Before 5G can generate significant market impact, some form of credible, independent validation is necessary to demonstrate that everything entering the 5G ecosystem - from networks to devices to services - is compatible and rigorously tested. Smart cities, remote surgery, all-electric and autonomous transportation systems, long-range weather forecasting, AI security systems, and more, are all real possibilities. Before the investments needed to realise them can be made with confidence and before they become capable of generating revenue, compatibility and performance must be definitively confirmed. 

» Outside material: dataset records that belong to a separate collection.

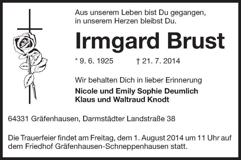 Hier finden Sie alle Traueranzeigen aus der Zeitung, die bisher für Irmgard Brust erschienen sind. Weitere Traueranzeigen, die in der Zeitung erscheinen, werden hier ebenfalls aufgelistet
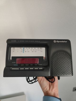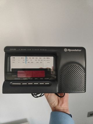 Despertador digital con radio con conexión eléctrica y pilas. Usado muy poco, como ves en las fotos, está como nuevo. Funcionamiento perfecto. Marca Bluesky.
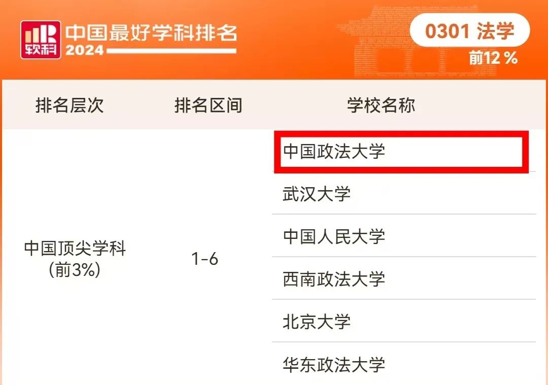 作为全国法学教育和法学理论研究的重镇,近年来我校持续强化法学优势学科地位,学科影响力和美誉度不断增强,连续多年以唯一千分成绩蝉联软科法学排名榜首,总分逐年提高,核心指标持续向好。

Simulation, testing, validation and optimisation are essential to corroborate and refine the work of early 5G adopters. Companies that want to accelerate their 5G go-to market introductions will be wise to first have their claims independently confirmed. Testing at the applications layer to make technology less susceptible to malware is key to validate that a device is ready for certain types of applications. For example, network testing ensures that security and resilience to malware are adequate. Testing helps the industry address very real issues regarding security and safety which can take a company down fast, lose investor confidence and damage reputation.

Companies poised to reshape their markets by accelerating 5G innovation include network operators, network equipment manufacturers, electronic device makers and chipset companies. All are investing in the early runup to commercial 5G networks. In addition are innovators representing the entire communications ecosystem, including Qualcomm, Nokia, Xilinx, AT&T, Verizon, Samsung, and many others are pushing the gigaspeed envelope to demonstrate their 5G readiness. 

Whichever way 5G ultimately rolls out, and before any wide-scale customer deployment can take place, its commercial impact will hinge on establishing collective technical standards, common tools, and shared validation methods. It is a requirement that applies not only to 5G network operations, but to all the devices, apps and services connected to them. Before 5G innovators can deliver on its promised market impact, they must demonstrate that everything entering the 5G ecosystem - from networks to devices to services - is compatible and can meet the lofty goals set by the standard.

Satish Dhanasekaran is President of the Communications Solutions Group at Keysight Technologies, and a member of the FCC's Technological Advisory Council (TAC). Dhanasekaran has more than 18 years of experience in the communications industry spanning business leadership, product, and technical roles at Keysight, and Agilent prior to the company's separation, as well as Motorola. Throughout his career, he has been at the forefront of communications ecosystem advances. Currently at Keysight, his team supports industry-leading customers with cutting-edge design & testing to bring 5G to market.